The problem:
Go through the records below from the first line and print each one exactly, stopping after the line that contains "Cortar los calabacines". Do not print pictures or anything past that line.

--- Supplied entries ---

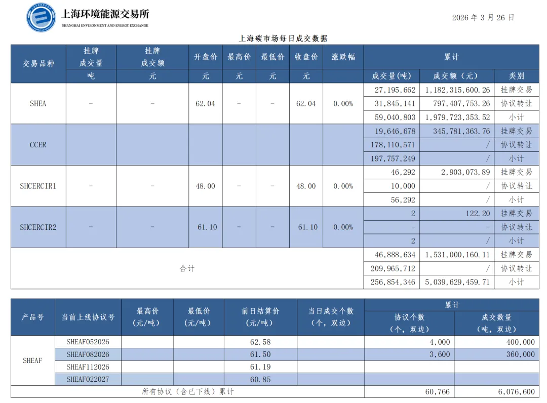 截至今日,上海碳市场所有现货品种累计成交量256,854,346吨,累计成交金额5,039,629,459.71元。其中,配额累计成交59,040,803吨,成交金额1,979,723,353.52元;CCER累计成交197,757,249吨;SHCERCIR1累计成交56,292吨;SHCERCIR2累计成交2吨。上海碳配额远期产品累计成交数量6,076,600吨。
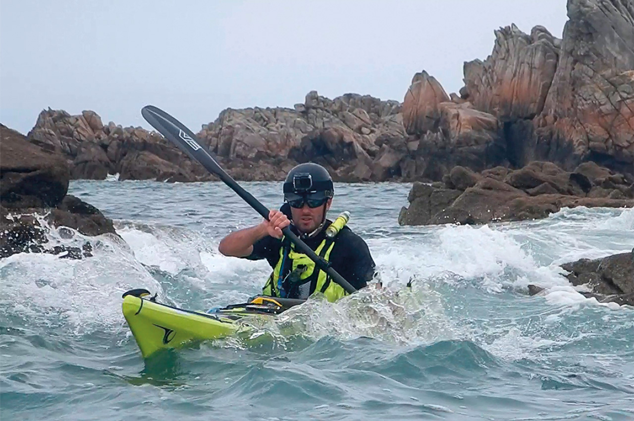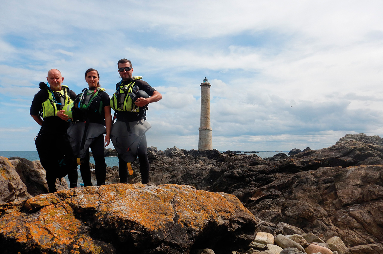 Since we were already familiar with the area there (although we were still discovering new things), we had a plan. We wanted three things: First of all, a paddle to Les Héaux lighthouse. That’s a distinctive landmark on a rock formation some 4 km offshore. The current there is relentless, but with good planning, it isn’t a problem at all to reach it and get back. Secondly, we wanted to circumnavigate the island itself, and lastly, we wanted to do rock gardening and rescue training explicitly aimed at this environment. Let’s try to tick all of these boxes!
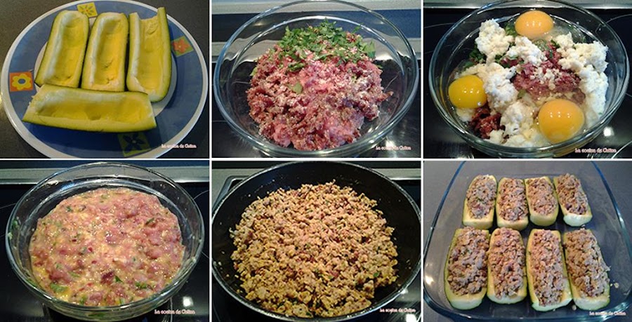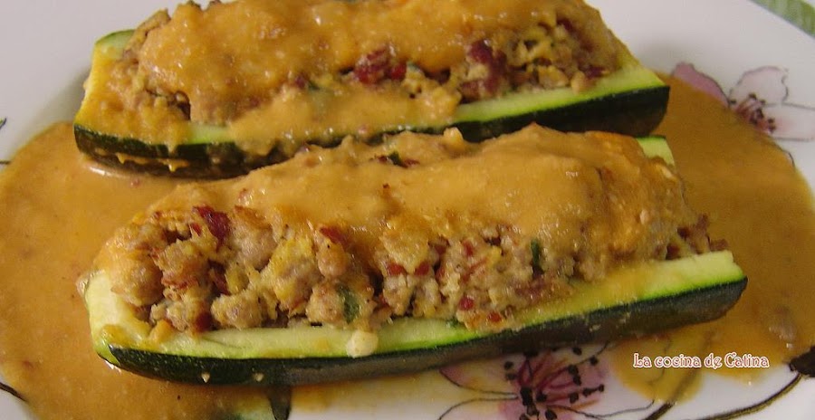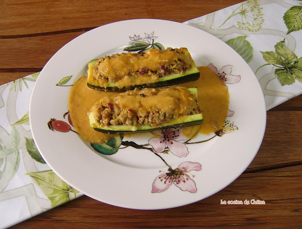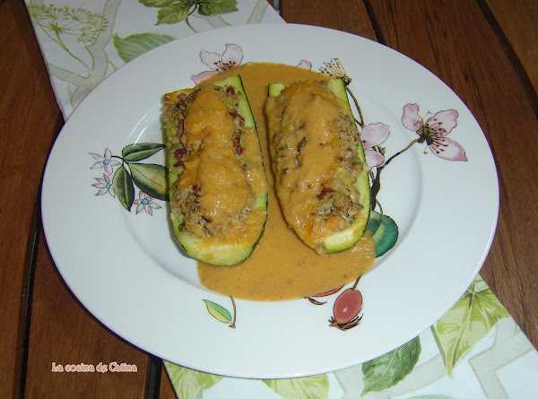 Cortar los calabacines por la mitad y cada mitad en dos en sentido longitudinal. Con una cucharilla sacar la pulpa del calabacín sin llegar a romperlos de forma que queden como unas barquitas. Las colocamos en un plato de cuatro en cuatro, las tapamos con una tapadera para microondas y le damos 4 minutos a máxima potencia en el microondas y reservamos.
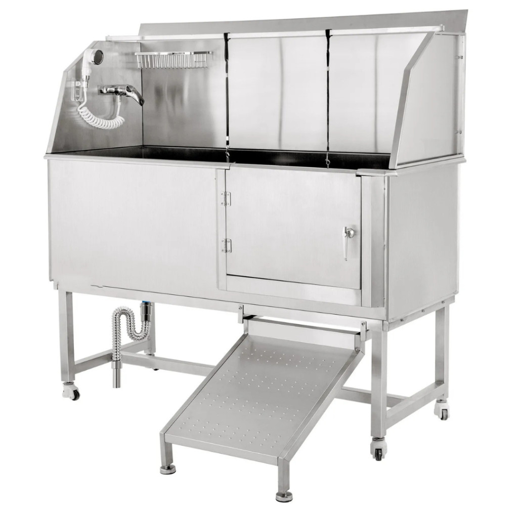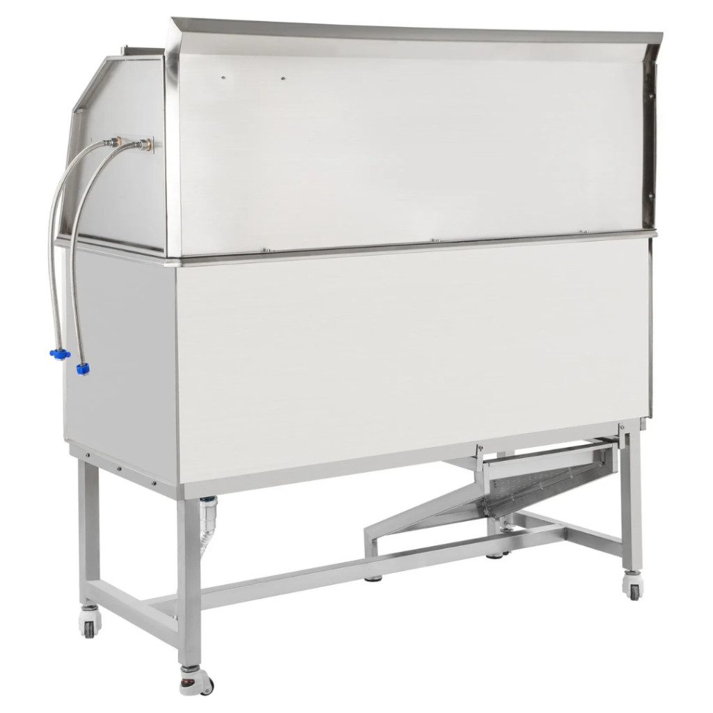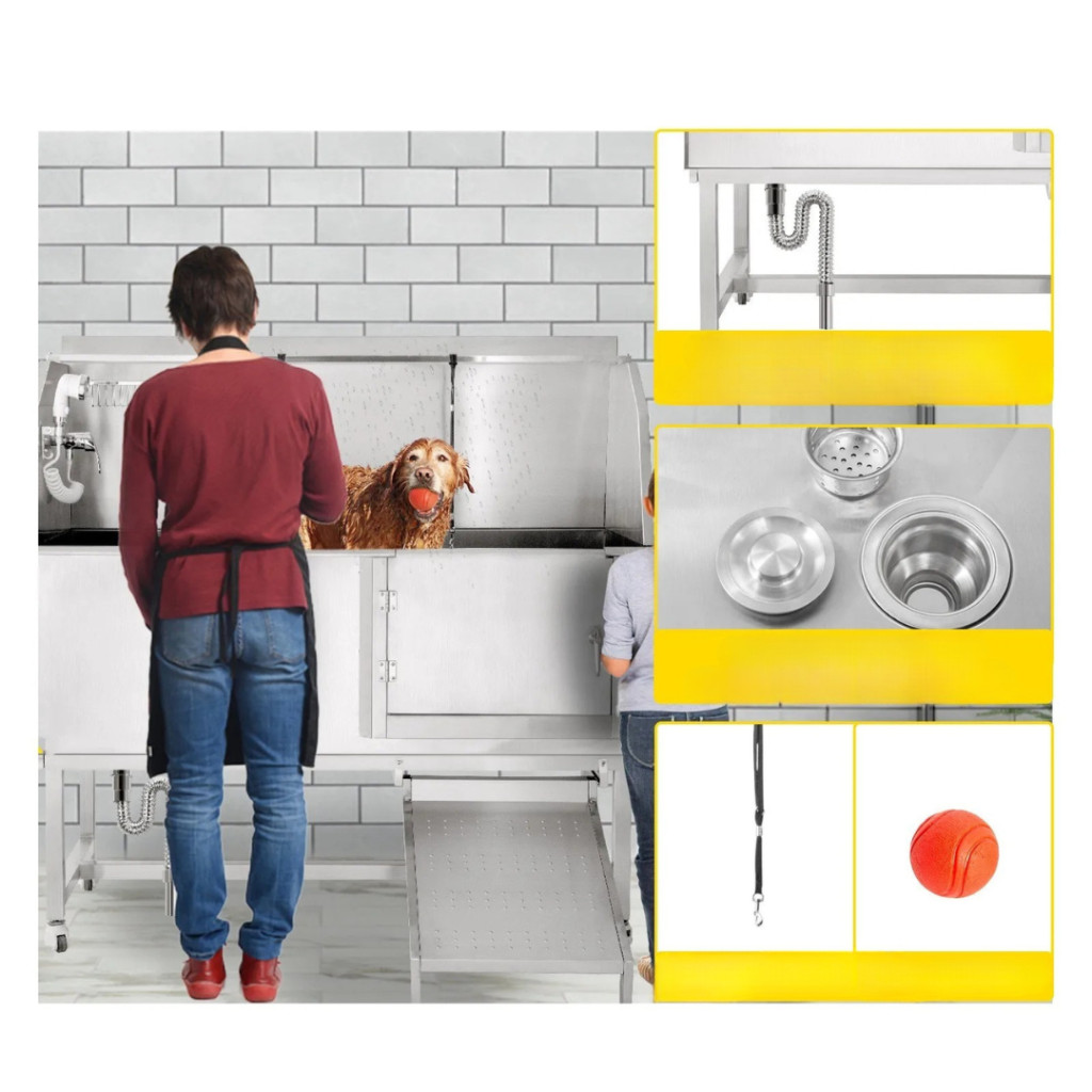 A 304-es rozsdamentes acél anyag garantálja a hosszú élettartamot, a rozsdamentes felület pedig ellenáll a deformálódásnak és karcolásnak. A hegesztett, egyrészes kialakítás megakadályozza a víz szivárgását, így ideális választás intenzív, mindennapos használatra. Könnyen tisztítható, fertőtleníthető és higiénikus – ami nélkülözhetetlen bármely kutyakozmetikai kád esetében.
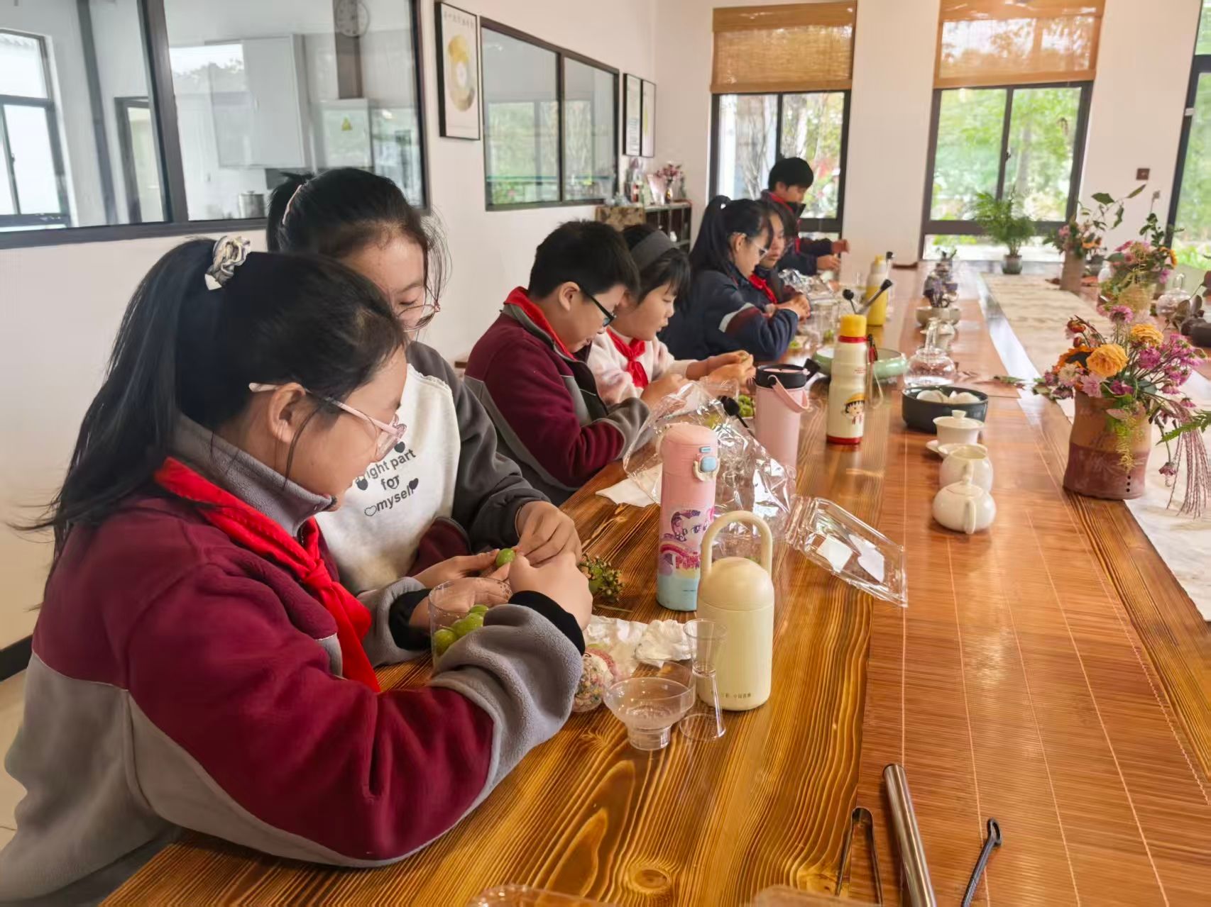 课程伊始,茶社负责人带同学们回顾果茶“先汉雏形、后唐渐盛”的历史与“酸甜均衡”的要点。雪克杯、梅花型滤水器等器具亮相时,不少同学能准确叫出名称,扎实积累获称赞。“制作果茶先洗手!”实操“玫瑰青提”果茶时,同学被及时提醒卫生规范。在大学生志愿者指导下,孩子们剥青提、捣果泥、兑茶汤,当茉莉绿茶遇上青提果肉,一杯杯果茶新鲜出炉,孩子们满是成就感。点评环节,负责人针对饮品偏酸问题,引导大家用“酸甜均衡”知识调整。“加勺糖浆就不酸了!”同学们在试错中深化理解。负责人演示的“日落”果茶,橙香与红茶味交融,让孩子们直呼过瘾。
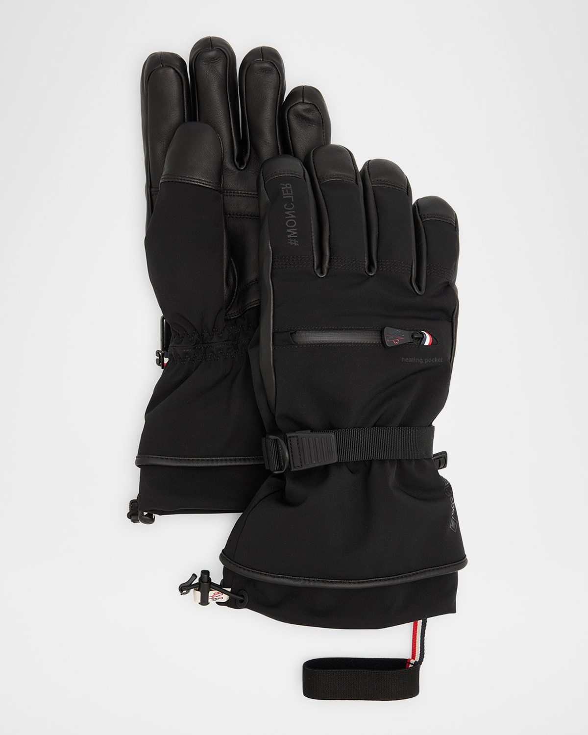 - Moncler Grenoble insulated gloves - Water-resistant polyester - Contrasting leather palms - Zipped heating-pad pocket - Buckled cuff - Lining: Nylon - Dry clean - Imported - To determine your glove size, measure the circumference of your hand around your knuckles, excluding your thumb. Then pick your glove size based on the measurements below. For the most comfortable fit, you may want to go up a size if you fall in between these numbers. - S=8 inches - M=8 1/2 to 9 inches - L=9 1/2 to 10 inches
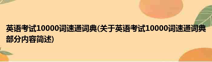 英语考试10000词速通词典(关于英语考试10000词速通词典部分内容简述)
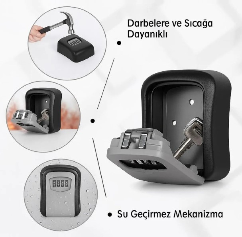 Kolay Kullanım: Anahtarınızı içine koyun, şifreyi belirleyin ve kutuyu kapatın. Anahtara ihtiyacı olan kişi şifreyi girerek kolayca erişebilir.
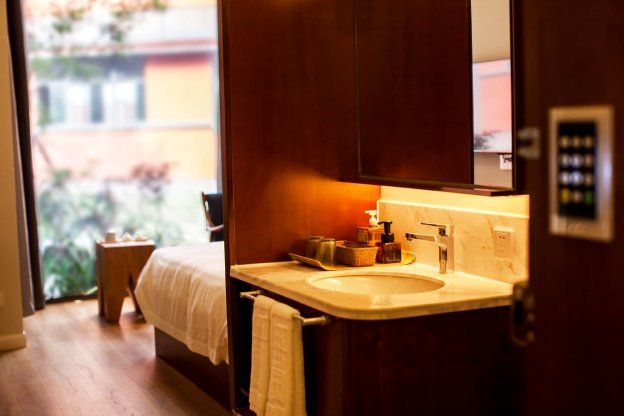 酒店為慢爵士風設計風格,沉靜、簡約、富于質感、充滿情調,滿眼都是設計師定制家具、原創畫作、藝術作品、綠植園藝、名家茶器等。
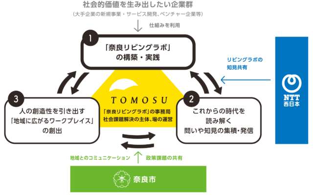 TOMOSU、奈良市、NTT西日本による新しい共創の仕組みです。
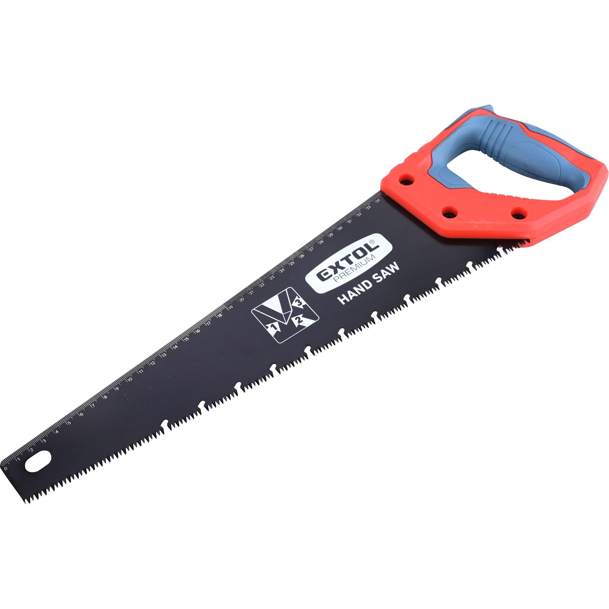 Ruční pilka pro jednoruční řezání dřeva. Pila je tvořena velmi pevným a stabilním listem pro maximální přenos síly na ozubené ostří. K pile je dodávám magnetický kryt ostří. Ostří se skládá z indukčně kalených, trojbroušených a tvrzených zubů. Tato kombinace zajišťuje rychlé a přesné řezání oběma směry. Pila je opatřena plastovou, ergonomicky tvarovanou rukojetí, měkčenou TPR gumou. Rukojeť má orientační označení úhlů 45° a 90°. Délka ostří: 400 mm Počet zubů: 9 na palec Hmotnost pily: 330 g
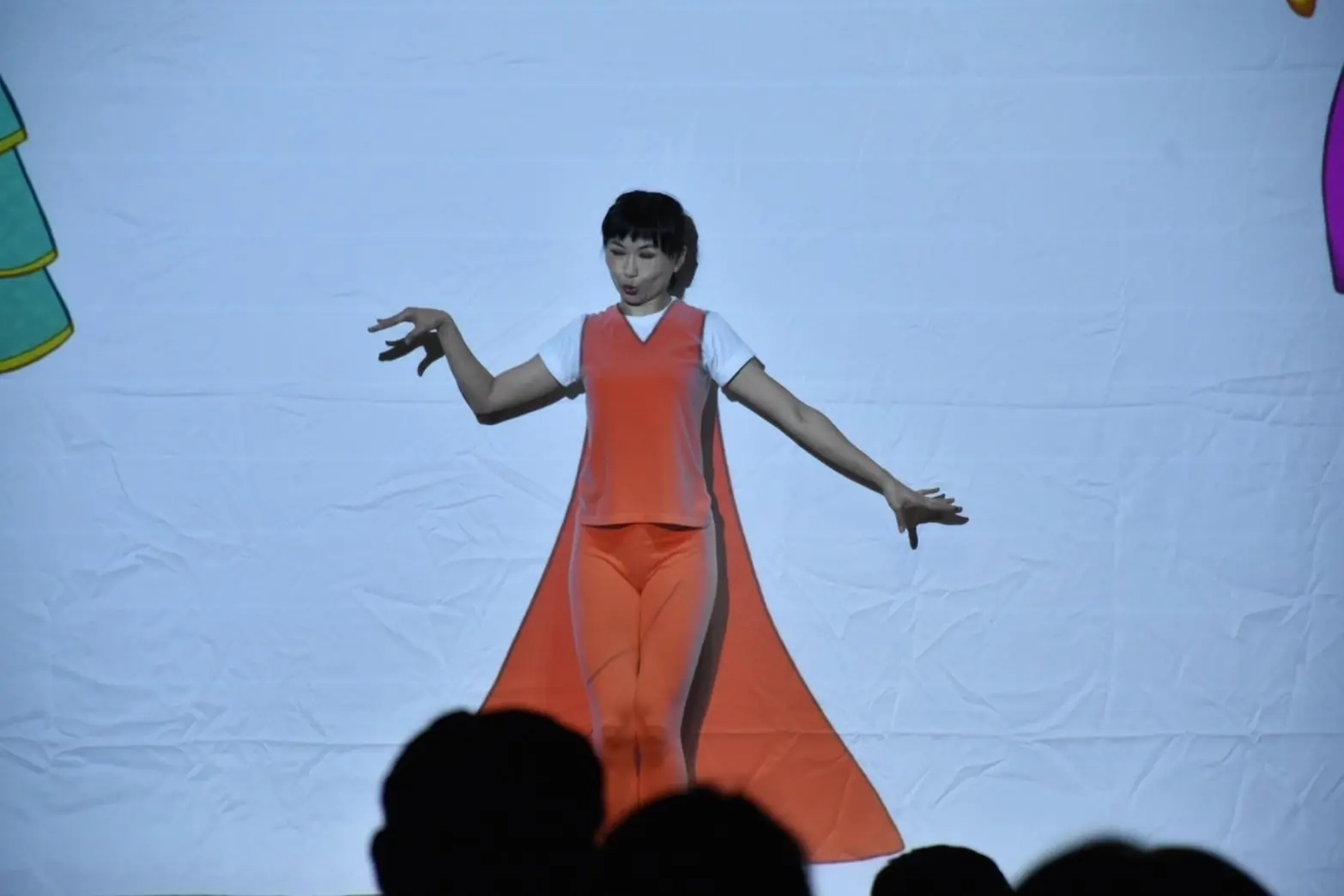圖/主演者劉婉君結合手繪動畫,以精準的肢體、現場音樂及影像互動,創造舞演樂合一的劇場演出。(高科大提供)

---

Response below:
 截至今日,上海碳市场所有现货品种累计成交量256,854,346吨,累计成交金额5,039,629,459.71元。其中,配额累计成交59,040,803吨,成交金额1,979,723,353.52元;CCER累计成交197,757,249吨;SHCERCIR1累计成交56,292吨;SHCERCIR2累计成交2吨。上海碳配额远期产品累计成交数量6,076,600吨。
 Since we were already familiar with the area there (although we were still discovering new things), we had a plan. We wanted three things: First of all, a paddle to Les Héaux lighthouse. That’s a distinctive landmark on a rock formation some 4 km offshore. The current there is relentless, but with good planning, it isn’t a problem at all to reach it and get back. Secondly, we wanted to circumnavigate the island itself, and lastly, we wanted to do rock gardening and rescue training explicitly aimed at this environment. Let’s try to tick all of these boxes!
 Cortar los calabacines por la mitad y cada mitad en dos en sentido longitudinal. Con una cucharilla sacar la pulpa del calabacín sin llegar a romperlos de forma que queden como unas barquitas. Las colocamos en un plato de cuatro en cuatro, las tapamos con una tapadera para microondas y le damos 4 minutos a máxima potencia en el microondas y reservamos.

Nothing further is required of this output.